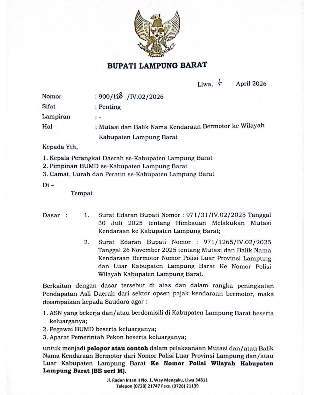 “Melalui kebijakan ini, saya mengajak seluruh ASN, pegawai BUMD, serta aparatur pemerintah pekon untuk menjadi pelopor dalam melakukan mutasi dan balik nama kendaraan. Ini bukan hanya soal administrasi, tetapi bentuk kontribusi nyata dalam membangun Lampung Barat,” ujar Parosil.
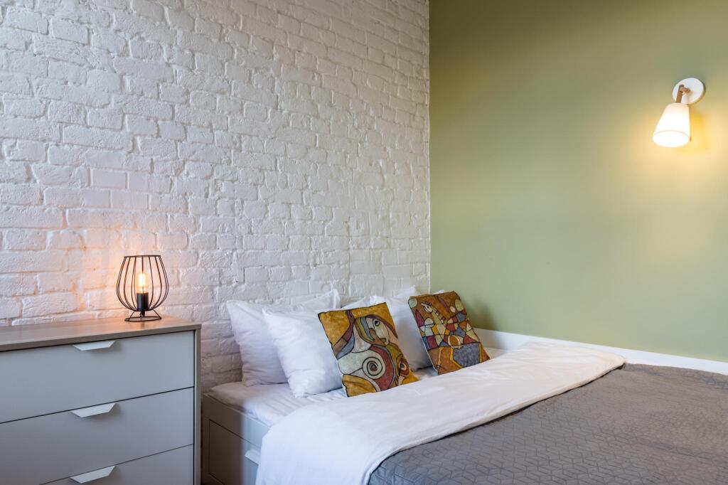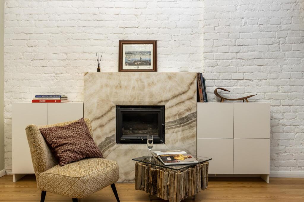 The apartment is equipped with everything necessary for living. The layout of this two-room apartment with two bedrooms and two separate bathrooms is suitable for groups of up to 5 people. The eclectic design combines a variety of interior items: designer renovation, a fireplace made of natural onyx, a wooden panel with Bali island, there is an engineered board on the floor, there are household appliances. Both bedrooms have double beds.
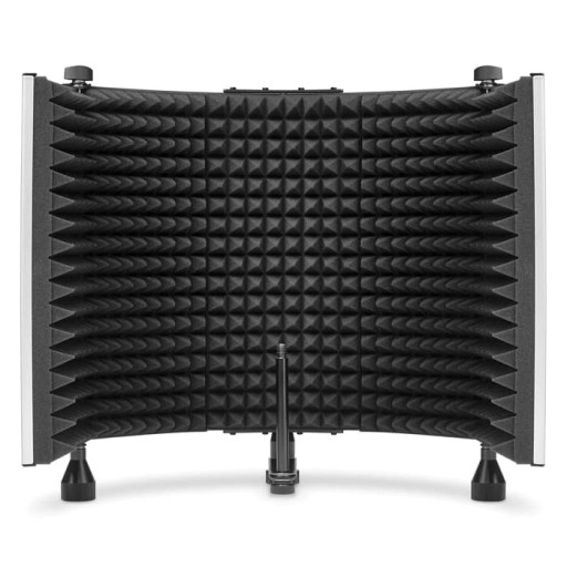 Przenośna kabina antyrefleksyjna do nagrywania wokalu, redukuje hałas otoczenia, 5 perforowanych metalowych paneli o wysokiej jakości [3 stacjonarne, 2 składane], mocowanie na stole lub do statywu mikrofonowego, profesjonalna pianka wygłuszająca EVA
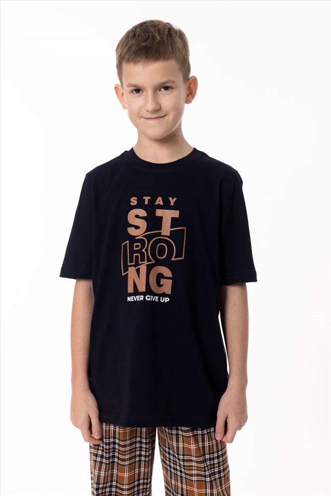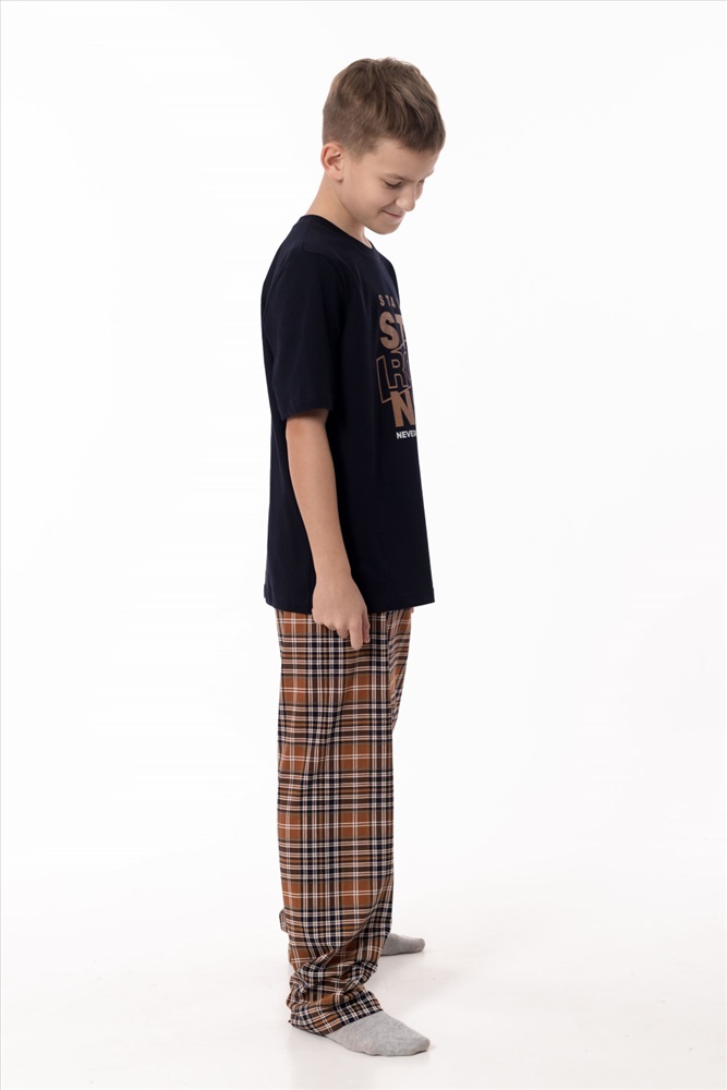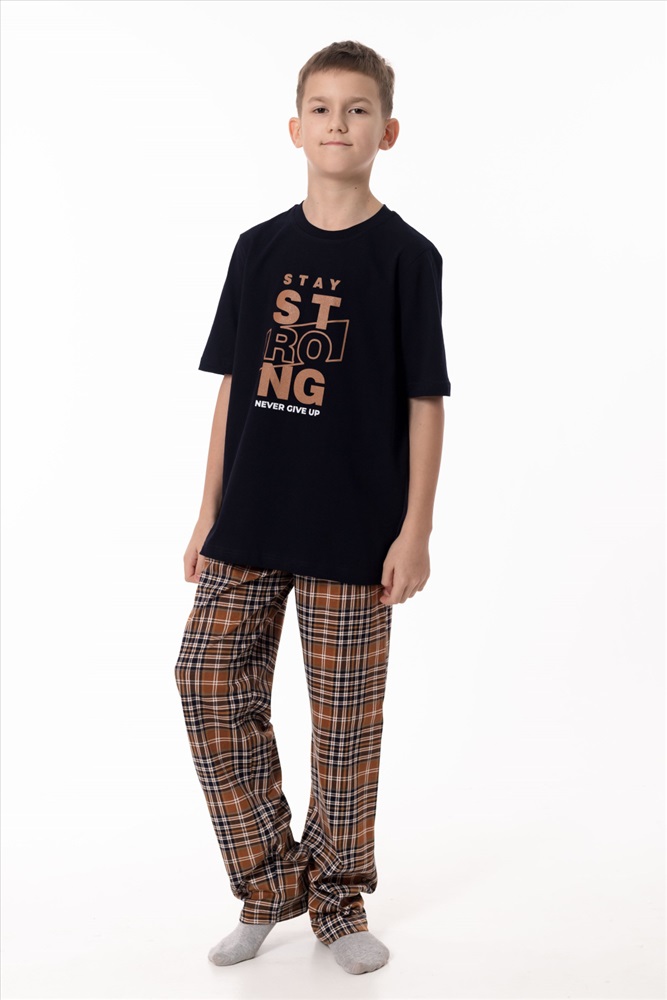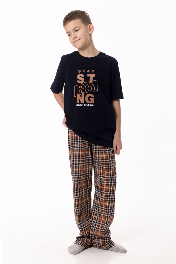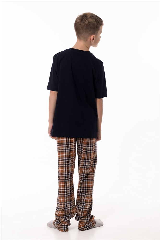 Вид низа комплекта: Брюки Вид ткани: Кулирка Сезон: Всесезонный Состав: Хлопок 100% Цвет Номенклатуры: синий/коричневый Пижама выполнена из натурального хлопкового полотна, обеспечивающего комфорт и приятные ощущения во время сна и отдыха. Комплект состоит из удобных брюк в клетку с эластичным поясом и однотонной футболки с коротким рукавом. Круглый вырез горловины аккуратно оформлен бейкой, а спереди расположен принт, придающий модели аккуратный и уютный акцент. Пижама отлично подойдёт для комфортного домашнего отдыха и спокойного сна. Комментарии к товару
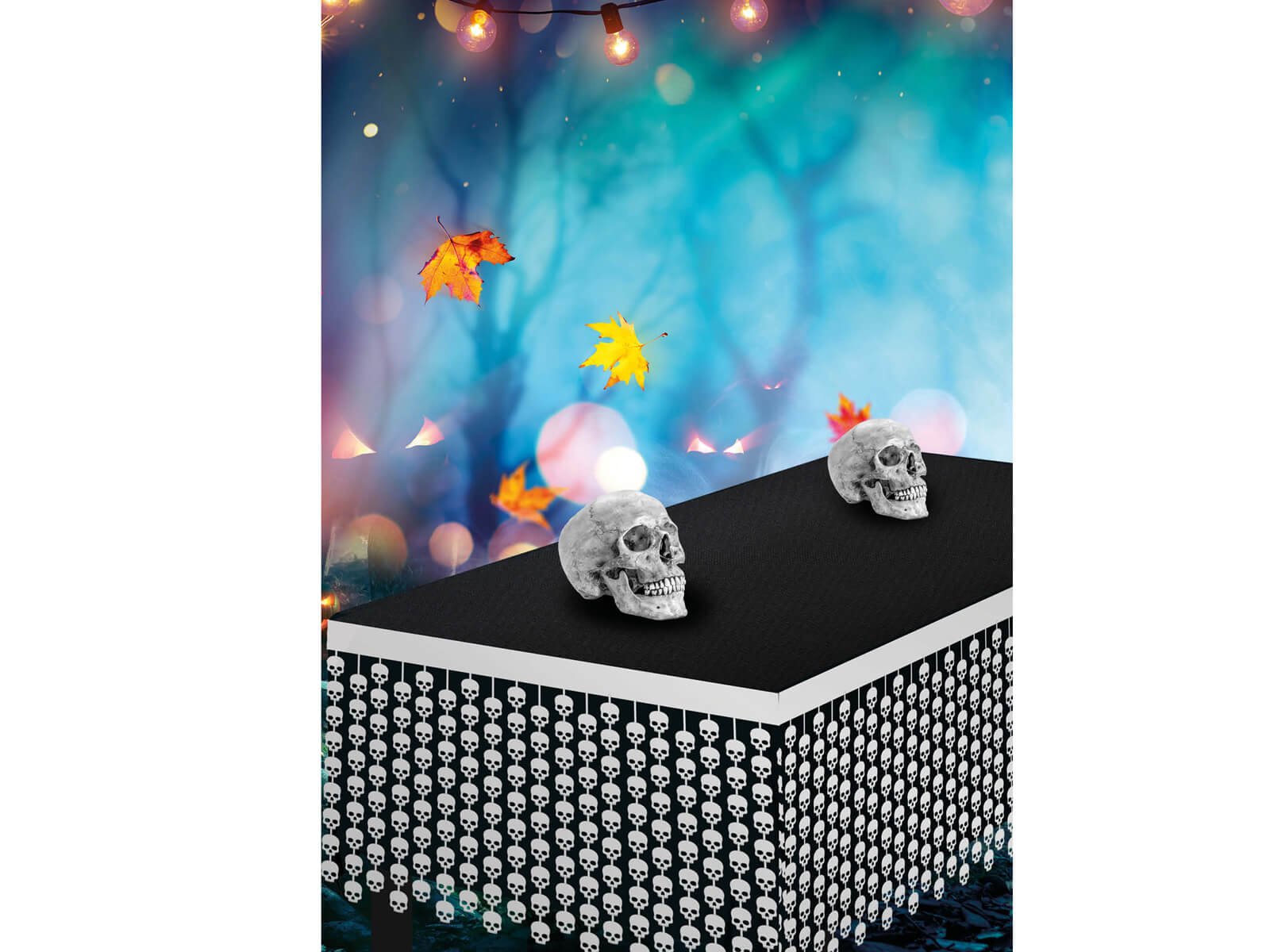 Ragadja meg vendégei figyelmét egy Halloween-stílusú partival, díszítve asztalát egy szokatlan, koponya motívummal ellátott szegéllyel. Ez az egyedülálló dekoratív akcentus ideális az asztalok szélén való használatra, titokzatos és kissé kísérteties jelleget kölcsönözve nekik. Tartós fóliából készült szegélyléc lenyűgöző méreteinek (70 x 400 cm) köszönhetően könnyen alkalmazkodik a különböző méretű és formájú asztalokhoz.

◆ ◆ ◆ ◆ ◆ ◆ ◆

Leaving out the pictures, print every record exactly as written.

▸ EXERCISE SOLUTION
 “Melalui kebijakan ini, saya mengajak seluruh ASN, pegawai BUMD, serta aparatur pemerintah pekon untuk menjadi pelopor dalam melakukan mutasi dan balik nama kendaraan. Ini bukan hanya soal administrasi, tetapi bentuk kontribusi nyata dalam membangun Lampung Barat,” ujar Parosil.
 The apartment is equipped with everything necessary for living. The layout of this two-room apartment with two bedrooms and two separate bathrooms is suitable for groups of up to 5 people. The eclectic design combines a variety of interior items: designer renovation, a fireplace made of natural onyx, a wooden panel with Bali island, there is an engineered board on the floor, there are household appliances. Both bedrooms have double beds.
 Przenośna kabina antyrefleksyjna do nagrywania wokalu, redukuje hałas otoczenia, 5 perforowanych metalowych paneli o wysokiej jakości [3 stacjonarne, 2 składane], mocowanie na stole lub do statywu mikrofonowego, profesjonalna pianka wygłuszająca EVA
 Вид низа комплекта: Брюки Вид ткани: Кулирка Сезон: Всесезонный Состав: Хлопок 100% Цвет Номенклатуры: синий/коричневый Пижама выполнена из натурального хлопкового полотна, обеспечивающего комфорт и приятные ощущения во время сна и отдыха. Комплект состоит из удобных брюк в клетку с эластичным поясом и однотонной футболки с коротким рукавом. Круглый вырез горловины аккуратно оформлен бейкой, а спереди расположен принт, придающий модели аккуратный и уютный акцент. Пижама отлично подойдёт для комфортного домашнего отдыха и спокойного сна. Комментарии к товару
 Ragadja meg vendégei figyelmét egy Halloween-stílusú partival, díszítve asztalát egy szokatlan, koponya motívummal ellátott szegéllyel. Ez az egyedülálló dekoratív akcentus ideális az asztalok szélén való használatra, titokzatos és kissé kísérteties jelleget kölcsönözve nekik. Tartós fóliából készült szegélyléc lenyűgöző méreteinek (70 x 400 cm) köszönhetően könnyen alkalmazkodik a különböző méretű és formájú asztalokhoz.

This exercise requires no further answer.